THE WHISTLERS is Romania’s entry into the 92ndAcademy Awards. We sat down with writer and director Corneliu Porumboiu at the Hyatt in Torontoto discuss his inspiration for the whistling language in the film.

Science & Film: How did you first hear about the whistling language?

Corneliu Porumboiu: I saw a documentary on French television about ten years ago about the whistling language and I got interested right away. I started to read about it. [The whistling language] is a return to something from the beginning. It was quite a long process because it was right in between a few other scripts, and I came back to it after THE TREASURE.


Image courtesy of TIFF

S&F: Can you say more about why the whistling language interested you?

CP: I saw that there are a lot of places in the world where people are whistling. The Canary Islands were colonized in the 15th century by the Spanish so we don’t know how the whistling [sounded] was before. At one point it was for me a speculation about a primary language and after that, to use that in modern day life…

S&F: I thought it was a pretty ingenious encrypted code. We have all these technologies to encrypt messages, but there is always a way to hack them. Speaking a language that nobody else speaks is actually more cryptic and simple.

CP: It’s also like bird [songs]. So if you don’t know, you are on the street and are listening, you don’t realize someone is speaking [laughs].

The main character knows all the codes, he doesn’t express too much because he’s followed, and all he is doing is coded. He lives in a world where they use language to have power—it is used like a weapon. So I said, okay, he will have to learn a code but it’s a double code. That’s why I was thinking to structure the movie around the process [of learning].

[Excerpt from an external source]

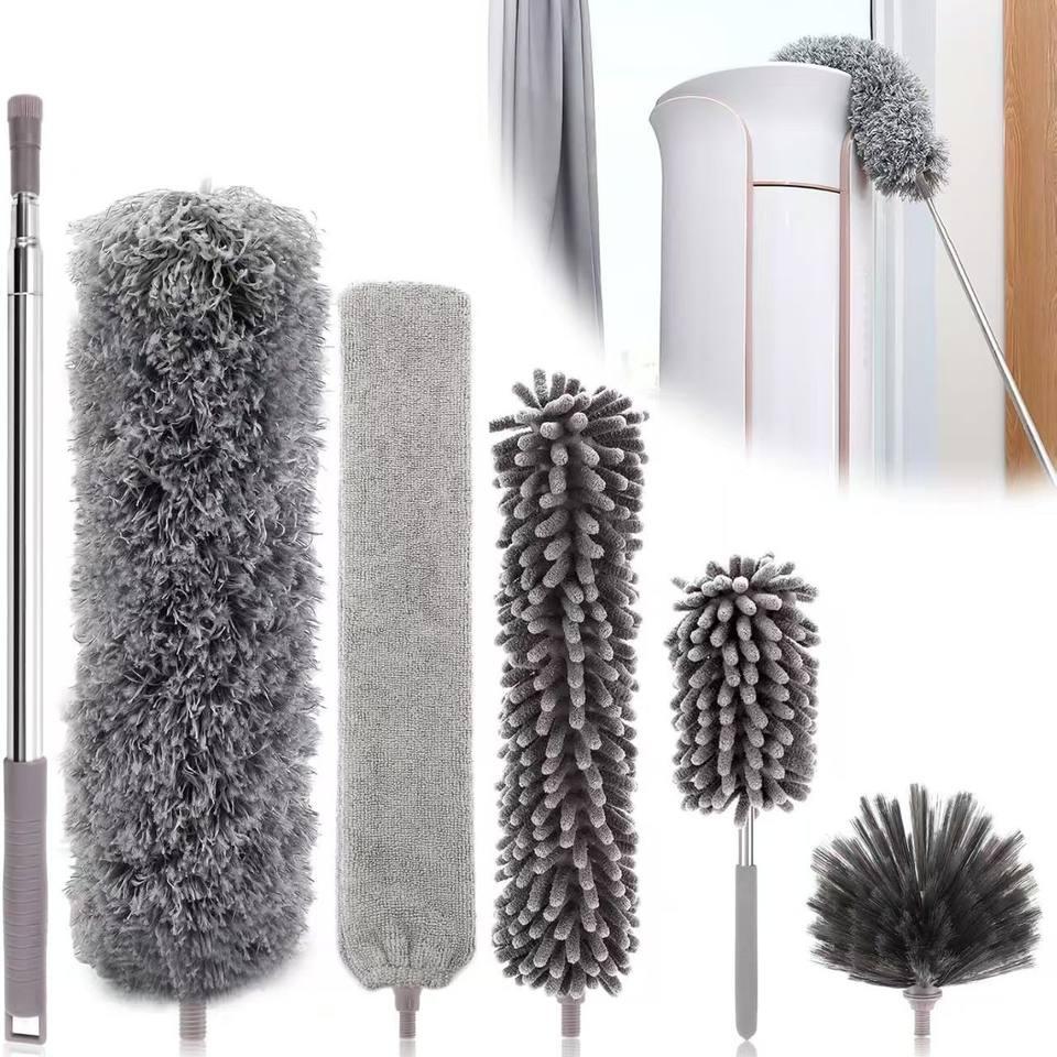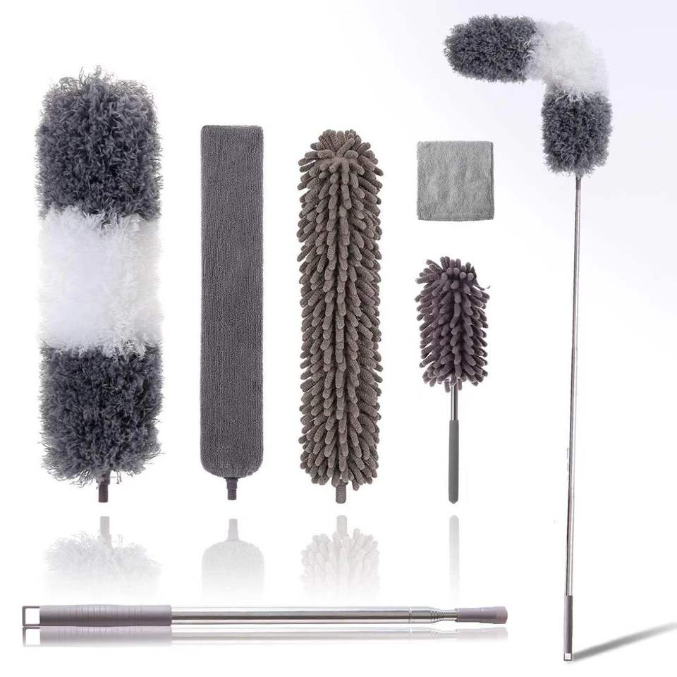 Brosse à poussière télescopique extensible pour nettoyer les sols, plafonds, ordinateurs, téléviseurs, toiles d'araignées et les saletés dans les interstices

S&F: I was going to ask if you set the film on the Canary Islands, because canary and birdsong, but it sounds like the whistling language is indigenous to the region?

CP: Yeah. It is a UNESCO Heritage site so they are teaching the whistling language in schools—with cell phones they started to lose it so they protected it that way.

S&F: Did you learn it?

CP: I was at the school. They say, this is like a gun, put it in your mouth. I think this inspired me [laughs]. It inspired me a lot. We were in touch with the head of this program [to teach whistling] and he came to Bucharest to train the actors. He spent two weeks with the main actors and then kept up courses on Skype. But me, I wanted to take classes but had something else to do on the film at the time.

S&F: But the actors really did learn?

CP: Yes. It was very hard to fake in a close-up. If he doesn’t know the breathing rhythm…I’m glad I didn’t [use a] double.

S&F: Have you shown the film to anybody on the island?

CP: Yes, at Cannes. The teacher has a small part in the film. He was at the premiere. He whistled. It was funny.

THE WHISTLERS will be distributed by Magnolia Pictures, and will open in U.S. theaters in February 2020. It will make its New York premiere at the New York Film Festival on October 6.